With its decision to review the California Bakke ruling, the U.S. Supreme Court has set the stage for what could be a severe legal blow at antidiscrimination programs in education and hiring throughout the country. Given the rapid erosion of past civil rights gains, the continuing economic crisis and the current tendencies of the Supreme Court, there is every reason to expect the worst.

The Bakke decision, if upheld, could overturn University of California affirmative action programs designed to promote the admission of minorities and women. Depending on the nature of the final ruling, such a decision could be used to launch assaults on similar programs elsewhere. Political demagogues and other defenders of discrimination have already displayed a readiness to denounce affirmative action programs as “racism in reverse,” and any ratification of the Bakke case would strengthen their hand.

Most affirmative action programs were won as concessions to the struggles of women, blacks and other minorities against discriminatory practices in hiring and school admission. Those who denounce these reforms as unfair racial or sex “quotas” conveniently overlook the fact that past practices amounted to quotas as well, except that they were quotas that assured the exclusion of minorities and women.

This is why those who advocate the dismantling of the few programs which consciously address themselves to the realities of racism and sexism are, in effect, advocating a return to past discrimination. The facile proponents of “criteria based on merit” pretend there are some abstract qualifications unaffected by the inequalities and oppression of this society.

Left to its own designs, capitalism will promote racism and discrimination everywhere. This is why a recent tendency of the courts, closely related to the Bakke case, to require proof of conscious, racist intent in order to prove discrimination and win redress, amounts to a legal Catch-22. When a social system is inherently racist or sexist, when its seniority systems, housing patterns, distribution of wealth, and ideologies perpetuate inequality on every score, discriminatory practices will exist whether consciously promoted by provable conspiracies or not.

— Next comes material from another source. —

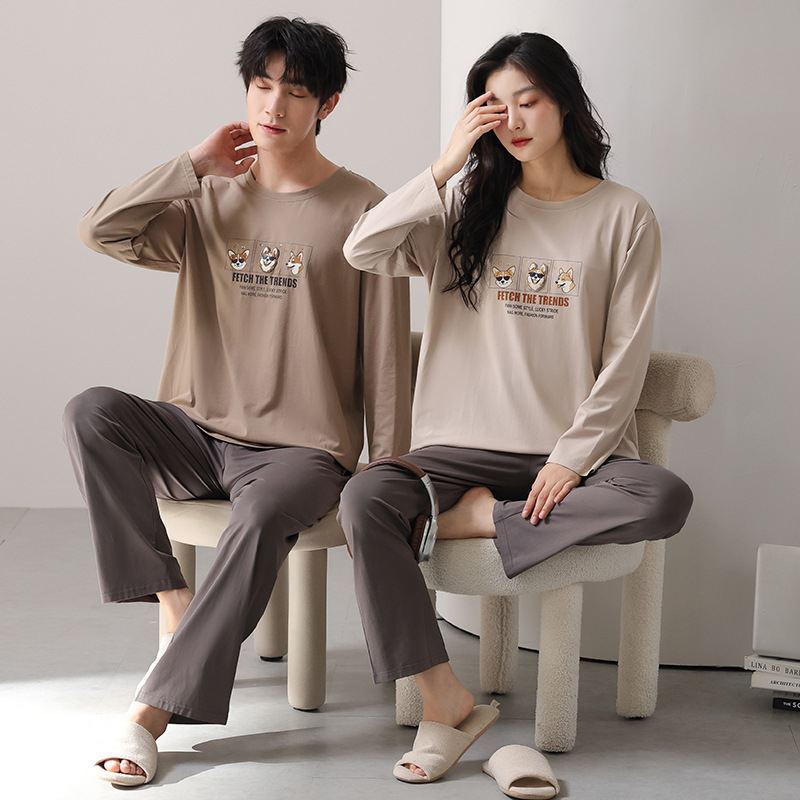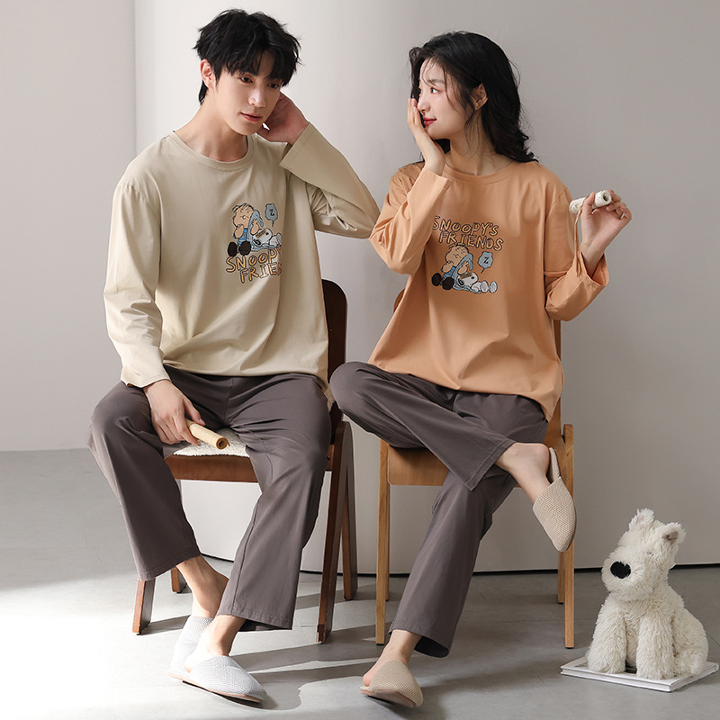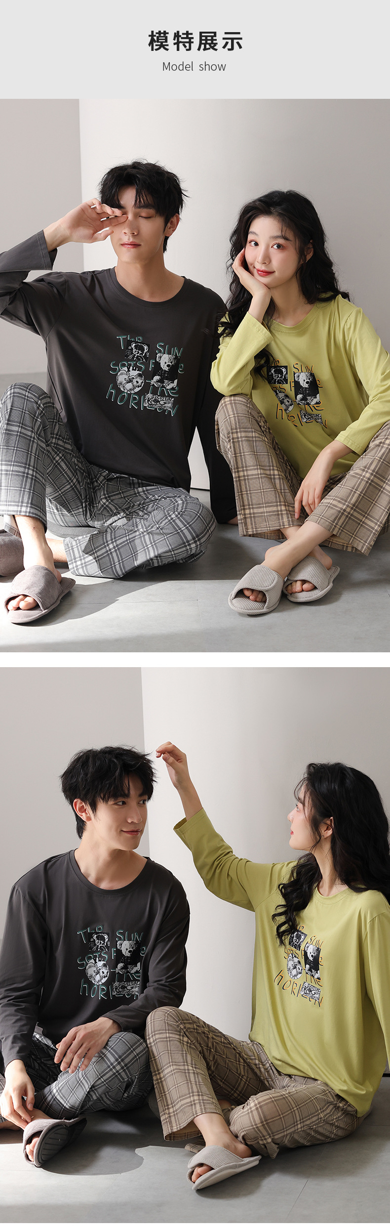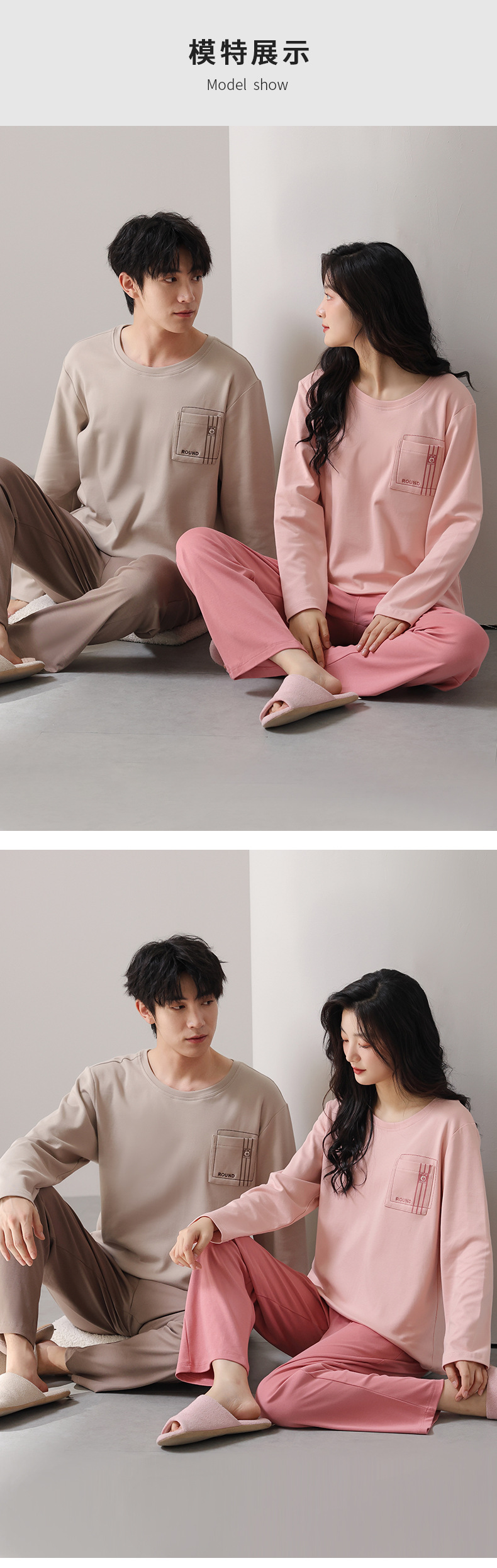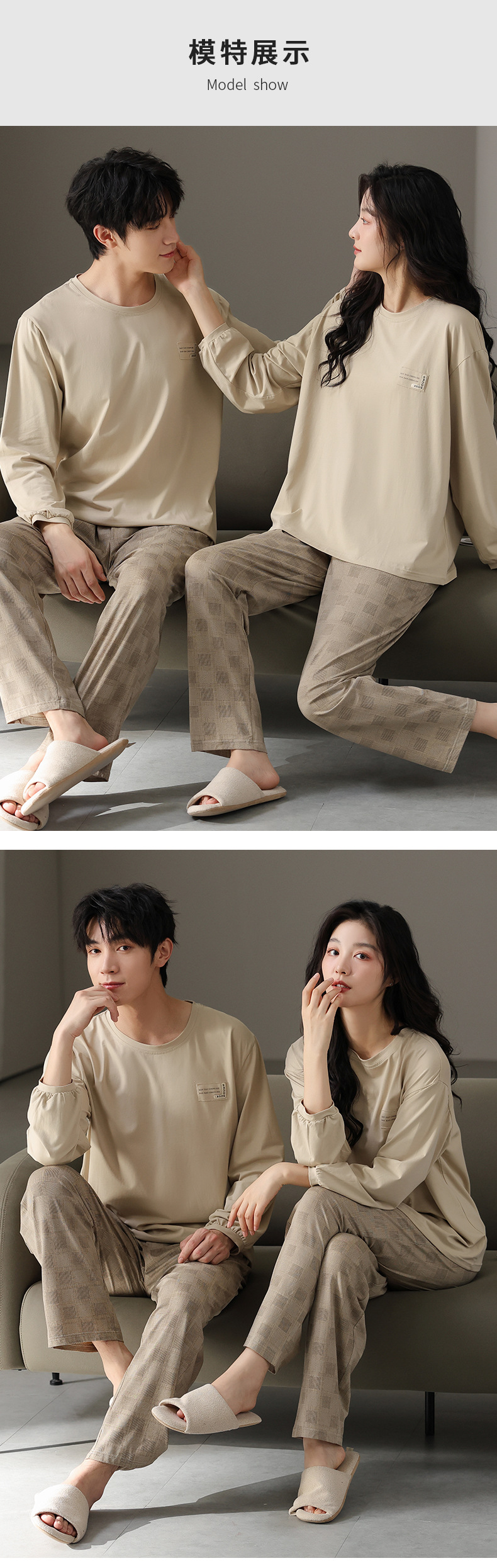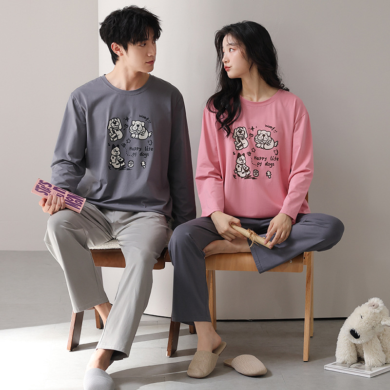 여성용 잠옷 봄 가을 순면 긴팔 라운드넥 신상품 외출 가능 커플 가을 겨울 홈웨어 남성용 라이크라 면 단색스토어 가기

But to recognize the attack on affirmative action as part and parcel of the general upsurge in attacks on civil rights is not to imply that such programs hold out the solution for eradicating discrimination. For women and minorities, affirmative action is at best a half-measure. Moreover, it’s inevitable under capitalism that some programs will be designed to aggravate competition among women, black, Spanish, white and other workers for the scarce job and educational opportunities this system makes available. Undoubtedly there are those in the ruling class who will welcome and encourage such a spectacle.

Nevertheless, the solution to such competition is not to erase the gains of the victims of discrimination or for white male workers to embrace the illusion that their safety lies in the exclusion of other workers.

The answer to inadequate educational opportunities is full opportunity for all. The solution to unemployment and competition for jobs is an end to unemployment and to the system that has workers competing with one another for a chance to sell their labor power.

In short, the solution to inequality is not to share it or spread it around, but to root out its capitalist cause.

This is why Socialists, in the course of opposing the entire social trend represented by the Bakke decision, consistently point out that it's capitalism, not the efforts of any group of workers to survive its oppression, that blocks the road to full opportunity and the end of discrimination.